If you are getting 12v into the fuse, and after checking the "out" side of the fuse, you are getting 12v out, the next thing to look at would be the ground path. Power jacks don't have a ground wire (well, most don't, I'm sure there are exceptions) and they rely on the mounting point for a ground to the trailer's frame. Whenever I help someone install a power jack or walk them through it, I make sure that I sand paint off of the jack's mounting plate and the area that the plate covers on the tongue and then use a paste grease that has copper in it (it is actually an anti-sieze grease, but, the copper has excellent current passing properties and prevents corrosion of the mounting surfaces that were sanded to bare metal) to coat both surfaces. It is possible that your mounting points are still painted and the bolts, particularly if they aren't installed on toothed washers aren't making a good ground path. The ground path is the most often overlooked part of a power jack installation, both by the factory and DIYs...these jacks use a lot of current and they can't draw that current in if they can't pass it out.
The switch is another problem area...again moisture gets in them (they aren't the high tech, expensive marine rated versions) and they fail. That's why most of us keep the jack's head covered with a bucket, or in my case, a water proof bag. The water proof bag was my choice; it kept the head dry, I didn't have to take it off to work the jack's switch and once tied on (it had a draw string closure) it wouldn't come off going down the road. It is possible the switch has failed. If you've established 12v into the motor and the ground path is clean and solid, the switch may be your problem.

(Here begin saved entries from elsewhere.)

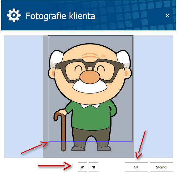 Vyřízněte obličej klienta pomocí tažením modrého rámečku a fotografii případně otočte, pokud je na bok nebo vzhůru nohama. Jakmile budete hotovo, klepněte na tlačítko OK.
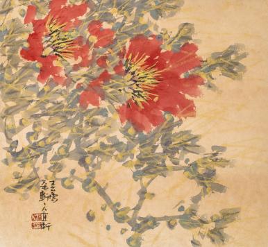 홍매 Red Plum Blossoms, 84x100cm, 한지에 수묵채색, 금니, 2022
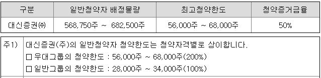 대신증권의 일반 청약자 배정 물량은 568,750주 ~ 682,500주이고, 일반 청약자의 최고 청약 한도는 일반그룹 기준 28,000주 ~ 34,000입니다.
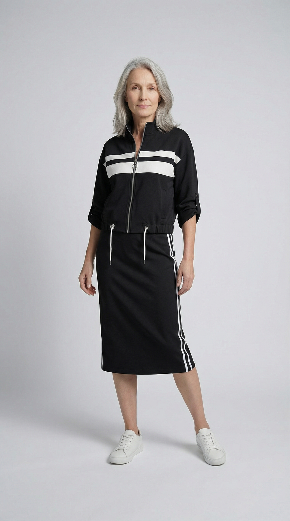 Les accents à rayures contrastées insufflent une note sportive moderne, subtilement intégrée au design pour un style affirmé sans excès. La coupe flatteuse de la jupe épouse naturellement les courbes, créant une allure féminine et harmonieuse tout en garantissant une liberté de mouvement agréable.

It is possible the motor's fried, but, my money is on the current's path. In my years of using them, I've never had a motor go bad...wiring (current path) a definite yes, gearboxes yes (I've seen one), but, never a motor, so, IMHO, that's a long shot. Usually a mechanical reason (motor or gearbox) will give you "advance" warning; a grinding or ratcheting sound or a gradual reduction in ability to lift.
Power jacks are a simple device and 99% of the problems with them are usually with the electrical path. Dust off the VOM and good luck!